Copying from html code of certain words in the document

Question

Good day! Tell me, there is a piece of html code, how can pythone implement a search for certain characters or words and copy words or numbers after or before them into the document. For example: :

> <tr style="border-top: solid 1px;"> > <td><strong>Дата 01.05.2014</strong></td> > <td><strong>Турпакет, Турция, Алания, 4 дня</strong></td> > <td style="width: 120px;"><strong>15 393 руб. <br /> (~ > 343 € , ~ 467 $)</strong></td>

It is necessary to vytechit "05/01/2014", these numbers always go after the word "date" , which never changes, unlike them, you also need to continue to find the words after the unchangeable word "Turpaket" (in this case, "Turkey, Alania" ) but the problem is that unlike the date “05/01/2014” in which the number of characters is always the same, there may be more or less, but it is known that there are always numbers after them (or the word “day / day” or tag  - any that can be used as an anchor to determine the end)
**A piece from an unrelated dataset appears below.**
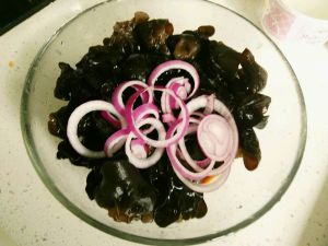 把过好水的木耳放入容器内,加入,生抽,糖,醋,洋葱拌匀

I would have at least an approximate algorithm, and I’ll finish it up somehow, I’m just not a programmer at all, but if I have something to push off, I’ll figure out how to make a thread.

ps The fact that it is copied from the html code is an option, perhaps it will be easier from xml, I'm just not familiar with the subtleties.

Truabchev Truabchev 73 7 bronze marks · Answer 1 · 2014-02-05T10:12:58

For parsing you can use for example lxml . First, search for the desired node, and then parse it using the appropriate algorithm.

 text = page.cssselect("#node_id").text_content() data = parse(text)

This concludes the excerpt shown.